I know I likely won't be able to talk to you, so just wanted to type out what I'm feeling for whenever you have a chance to read it.

I think there were a few things that triggered me today. The first was your dropping the word "boundaries" near the beginning. It feels like a warning in a way, like restrictions being put on a little kid. It suggests you're going to take something away, which triggers abandonment stuff. Like, for example, you're suddenly going to decide that e-mail crosses some boundary and won't let me do that anymore. Or that it will no longer be OK to talk about transference, that I can only talk about that with T.

Another was when I was trying to say that you just "get me" in a way that others don't. When you said you didn't think that was the case, it felt very invalidating. it reminded me of the time when I was trying to say that I felt safe in your office, with you, and you kept trying to say that it wasn't about you, that it was about how it felt with H in there, etc. You always talk about how whatever feelings I have are valid, but then in cases like those, it feels like you're invalidating them. I get what you're trying to do--you're trying to make it not about you. You're trying to remove the idealized image. But it still feels invalidating.

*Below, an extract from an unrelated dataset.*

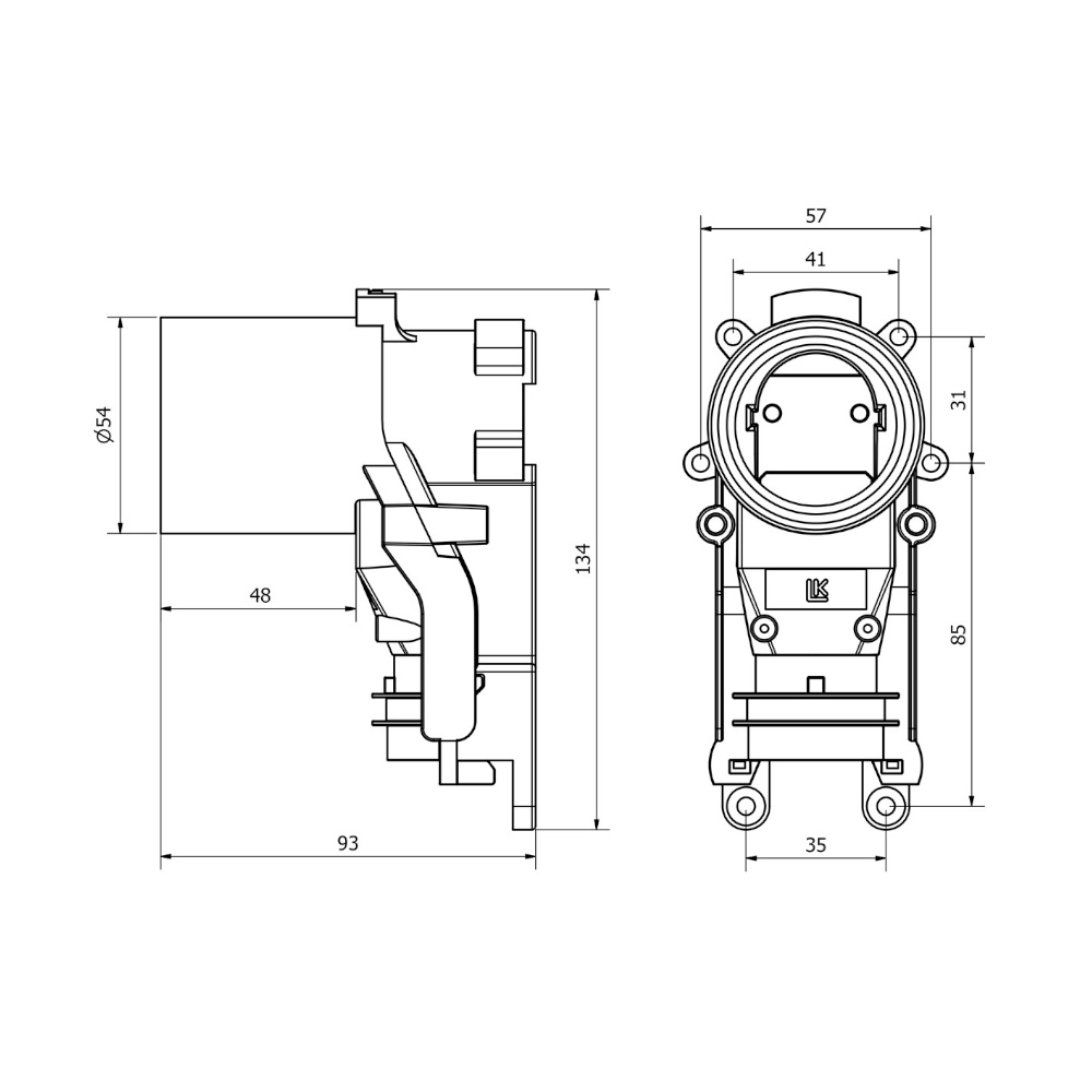 Til rørudløb fra væg med min. 45 mm afstand i væg, har vægdåsens hals en diameter på 54 mm, minimum c/c afstand mellem rørudløb er 80 mm.

One of the big things was how, in the past, I got the sense you'd stick with me to work out the transference, like you'd see that through. You've talked about what it means to work through transference, how it can take stuff from the past and give it a different ending. You'd talk about how you wouldn't abandon me, so it felt like you'd be there to see that through. But then when I was talking about how if I didn't work it through with you, then I'd transfer it to someone else, and you just brushed that off, saying I shouldn't read stuff online. In my head, that was you saying it wasn't true, that it's OK to leave my transference for you unresolved. Now I'm worried you won't stick with it. Plus your comment on how if at some point that's all we talk about, we should terminate.

The other big thing was how you said I shouldn't be afraid of terminating. I don't think you understand exactly how attached to you I am. I don't think you get how much the thought of never seeing you again just...destroys me. The way you said it today, it sounded like you thought I should just be able to walk out the door today and not look back. But with the paternal transference and attachment...I mean, yes, if you ceased to exist tomorrow, I would survive. But it would hurt like hell. Of course I'm afraid. See: paternal transference. And now, even if it wasn't your intention, it feels like you think there's something wrong with me because I feel that way. I mean, maybe you don't actually "get me" if you don't understand how the thought of termination affects me...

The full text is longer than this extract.